La stratification retrouve un effet modificateur du sexe ainsi que du polymorphisme du gène PON1. L’HbA1c des filles exposées est supérieure de 6,2 % en moyenne (1,6-11,1) à celle des filles du groupe témoin, tandis que la différence n’est pas significative dans la population des garçons (+ 3,9 % [-0,3 à 8,2]). Par ailleurs, l’effet de l’exposition n’est évident que si l’enfant ou la mère porte l’allèle R. L’analyse selon le génotype de l’enfant (ajustée sur le sexe) montre une augmentation de 6,1 % en moyenne (1,6-10,8) dans le sous-groupe des porteurs d’allèles R versus 2,6 % (-1,5 à 7) dans le sous-groupe 192QQ. Selon le génotype maternel, l’HbA1c est augmentée de 7,1 % (allèle R, IC95 : 2-12,6) ou de 0,5 % (192QQ, IC95 : -5,1 à 6,4).
Ces résultats sont robustes à un ajustement supplémentaire sur le pourcentage de masse grasse, ainsi qu’au remplacement de la variable binaire « puberté » par les stades de Tanner plus précis. Les auteurs signalent que toutes les valeurs d’HbA1c étaient dans la plage considérée normale pour l’adulte (la valeur maximale était de 39 mmol/mol pour des seuils diagnostiques de pré-diabète et diabète de 42 et 48 mmol/mol, dont la pertinence est toutefois discutée pour l’adolescent).

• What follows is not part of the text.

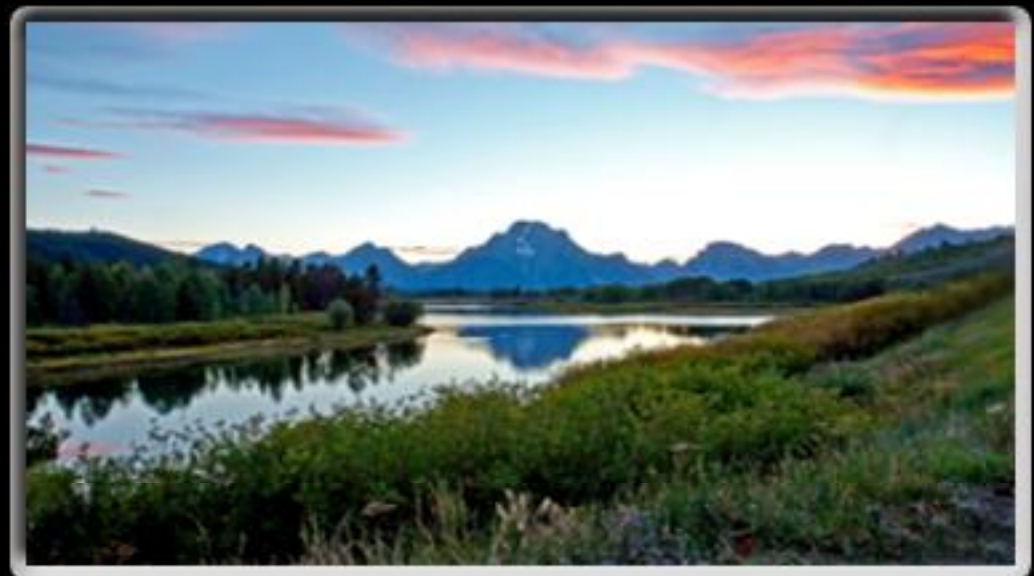
Mount Moran by Virginia Kickle

Les autres résultats notables de l’étude sont une augmentation significative du rapport leptine/adiponectine dans le groupe exposé, ainsi que de la concentration sérique du PAI-1 uniquement chez les filles. Plusieurs résultats (rapport leptine/adiponectine, IL-6, HDL, TG, insuline, et comme précédemment à l’âge scolaire, leptine et IGF-1) soutiennent une interaction gène-environnement.
Étant donné l’enjeu de santé publique, cette étude incite à en engager d’autres, en population générale, afin d’examiner l’impact d’une exposition banale à des pesticides pendant la vie in utero sur le risque ultérieur d’obésité, de syndrome métabolique et de diabète.
Publication analysée :
* Andersen HR1, Tinggaard J, Grandjean P, Jensen TK, Dalgård C, Main KM. Prenatal pesticide exposure associated with glycated haemoglobin and markers of metabolic dysfunction in adolescents. Environ Res 2018 ; 166 : 71-77. doi : 10.1016/j.envres.2018.05.032
1 Department of Environmental Medicine, Institute of Public Health, University of Southern Denmark, Odense, Danemark.